Remembering The Triangle Fire

From Forward.com:
For years, I’ve been obsessed with the Triangle Shirtwaist Factory fire. I don’t remember when I first heard about this event, which was New York City’s worst workplace disaster before 9/11. On March 25, 1911, a fire broke out on the factory’s eighth floor; 146 workers, most of them young Jewish and Italian girls, died. The fire department’s tallest ladders only reached the sixth floor; girls clung to the window ledges while the flames licked at them; some jumped in desperation, shattering the sidewalks. ...

We’ve forgotten the names; we’ve forgotten the strike; most of us have forgotten the fire itself. But filmmaker Ruth Sergel wants to help us remember.

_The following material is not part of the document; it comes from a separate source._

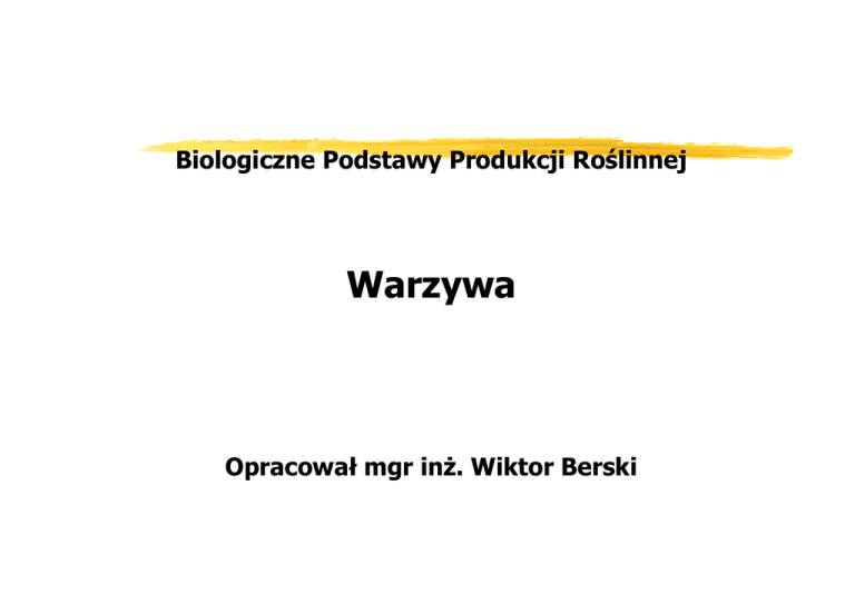 Biologiczne Podstawy Produkcji Roślinnej Warzywa Opracował mgr inż. Wiktor Berski Wykorzystano materiały z następujących źródeł: • http://www.ppr.pl/ • http://encyklopedia.pwn.pl/ • http://wiem.onet.pl/ WARZYWNE ROŚLINY, warzywa, rośliny roczne, dwuletnie lub byliny (rzadko krzewy lub drzewa) służące w całości lub części (np. owoce, nasiona, pędy, liście, kwiatostany, korzenie) jako pokarm człowieka; spożywane w postaci surowej, gotowanej albo w przetworach. Niektóre, jak np. chrzan, czosnek, papryka ostra, są używane jako przyprawy. Rośliny warzywne należą do wielu rodzin botanicznych i pochodzą z różnych stref klimatycznych. W warunkach klimatu umiarkowanego Polski uprawia się w polu około 40 gatunków; natomiast rośliny o większych wymaganiach cieplnych i długim okresie wegetacji, jak pomidor, papryka, uprawia się z rozsady produkowanej w inspektach lub cieplarniach. Warzywa są pożywieniem dodatkowym, odgrywają bardzo ważną rolę w odżywianiu człowieka — stanowią źródło witamin, zwłaszcza witaminy C i prowitaminy A, związków mineralnych oraz błonnika, a warzywa strączkowe są ponadto bogatym źródłem białka roślinnego. Ważną zaletą roślin warzywnych jest wysoka wartość biologiczna i dietetyczna (m.in. działanie odkwaszające, zapobieganie niektórym chorobom) przy na ogół niskiej wartości energetycznej. Warzywa są artykułami niskokalorycznymi (10 – 60 kcal/ 100g), a w szczególności warzywa liściaste. Nie występują w nich w większej ilości takie grupy składników, jak węglowodany, białka, tłuszcze. Ilość substancji białkowych waha się na ogół od 1-4%, tłuszcz występuje w ilościach bardzo małych, jedynie nieco więcej znajduje się w warzywach węglowodanów. Węglowodany przyswajalne występują w ilościach 3-9%, w tym cukry proste nie przekraczają 4%. Zawartość celulozy znacznie się waha od około 0,22,0%. Najwięcej zawierają wody 65-96%, która też przyczynia się do krótkiego okresu ich świeżości i różnego stopnia przechowywania. Wartość biologiczna warzyw jest znaczna, gdyż zawierają różnorodne witaminy i sole mineralne. Najwięcej Ca zawiera jarmuż i brokuł, P – zawierają strączkowe, Fe – liściowe szpinak i sałata. Warzywa zawierają również pektyny, które wpływają na obniżenie cholesterolu we krwi oraz usuwają szkodliwe związki z organizmu. Bogaty w pektyny jest seler korzeniowy i burak ćwikłowy. Warzywa nalezą do artykułów spożywczych przyczyniających się do odkwaszenia organizmu (do artykułów spożywczych zakwaszających organizm zalicza się artykuły wysokobiałkowe jak mięso, jaja oraz artykuły mączne). Rośliny strączkowe dostarczają białka. Do warzyw można także zaliczyć wielkie glony morskie - brunatnice, krasnorosty i zielenice (np. Ulva sałatowa), spożywane w krajach Dalekiego Wschodu i na wyspach Pacyfiku w postaci jarzyn i sałatek. Do warzyw zalicza się także grzyby (pieczarka, grzyby leśne) oraz porosty, spożywane dawniej m.in. przez ludność Islandii (płucnica islandzka), Indian Ameryki Północnej (porosty z rodzaju Alectoria), czy przez ludność zachodniej Azji i Afryki (występująca na pustyniach krusznica jadalna). Klasyfikacja warzyw może być botaniczna jak i praktyczno-użytkowa. W Polsce przyjęła się klasyfikacja pośrednia uwzględniająca ich właściwości biologiczne, pokrewieństwo botaniczne, oraz sposób użytkowania. Podział warzyw na grupy użytkowe, zwany również podziałem wg Lityńskiego, gdzie jednym z kryteriów jest część jadalna rośliny. Podział ten ma duże znaczenie, gdyż rośliny należące do danej grupy użytkowej wymagają podobnych zabiegów agrotechnicznych. 1.Cebulowe /cebula, por, czosnek/ - część jadalna zgrubiałe pochwy liściowi zwane u cebuli łuskami. W wewnętrznych łuskach mięsistych gromadzą się materiały zapasowe - zewnętrzne suche pełnią funkcję ochronną. 2.Dyniowate /ogórek, cukinia, kabaczek, patison, dynia, melon, kawon/ część jadalna stanowi owoc. 3.Kapustne /kapusta głowiasta, biała i czerwona, kapusta włoska, kapusta brukselska, kalafior, brokuł, kalarepa/ - część jadalna: liście u kapust kwiatostan u brokuła, zgrubiała łodyga u kalarepy, kalafior - wielokrotnie rozgałęziająca się część szczytowa łodygi. 4.Korzeniowe /marchew, pietruszka, seler, burak ćwikłowy/ - część jadalna korzeń spichrzowy. 5.Liściowe /sałata szpinak/ - część jadalna: liście. 6.Psiankowate /pomidor, papryka, bakłażan/ - część jadalna owoc. 7.Strączkowe /fasola, groch, bób, groszek zielony/ - do warzyw zalicza się tylko strączkowe spożywane w stanie niedojrzałym - nasiona grochu, strąki fasoli szparagowej /czyli owoc/; strączkowe używane jako suche ziarno zalicza się do roślin rolniczych. 8.Rzepowate /rzodkiew, rzepa/ - część jadalna to zgrubienie części podliścieniowej i górnej części korzenia. 9.Wieloletnie /szparag, rabarbar, chrzan/ - część jadalna to: szparag - młode pędy, rabarbar - ogonek liściowy. 10.Przyprawowe i smakowe majeranek, kukurydza cukrowa/. /koper, pietruszka naciowa, kminek, Omówienie wybranych grup warzyw, głównie w ich aspekcie przydatności do przerobu. Warzywa liściowe (sałata, szpinak) Warzywa psiankowate (pomidor) Warzywa dyniowate (ogórek) Są to warzywa, których części jadalne charakteryzują się bardzo delikatną tkanką, o dużej zawartości wody (94-96%). Poza sałatą wszystkie stanowią surowiec dla przemysłu spożywczego, wszystkie są bardzo wrażliwe na transport i nie nadają się do przechowywania. Warzywa należące do tych grup są uprawiane pod różnego rodzaju osłonami: szklarnie ogrzewane, nieogrzewane, namioty foliowe. Warzywa liściowe (sałata, szpinak) maja krótki okres wegetacji i mogą być wysiewane i zbierane kilka razy do roku. Sałata – bywa uprawiana w szklarni, inspektach pod folią, oraz w uprawie polowej na zbiór wio

For the last four years, Sergel has worked on a participatory art project called Chalk. Shortly before the anniversary of the tragedy, she emails the name and former address of a Triangle fire victim to anyone who wants to be involved. On the day itself, participants write the victim’s name in chalk in front of the building in which she lived. Beneath the name is written the person’s age, address, and “Died in the Triangle Fire, March 25, 1911.”...

But why this particular project? “I was thinking how much political activism is based on the Internet,” she said. “While it can be very powerful, it’s also highly depersonalized. The sense of being in the streets is lost. There’s something about physically, literally engaging in the New York streets. Sometimes someone stops to talk: Their great-aunt worked at Triangle, or you hear about working conditions somewhere else today. And it changes you: Once you’ve chalked in front of a building, you remember that building for the rest of time. You remember it held someone’s life. Also, chalking is a physical representation of the activist process, moving from individual to community. You start off alone and self-conscious, then you move toward the site, passing other chalkings on the way to the memorial service, and suddenly you’re with a community. We all know that the chalk will rub away or wash away in a few days, but you add your piece, and we’re all back next year. It’s like communal memory.”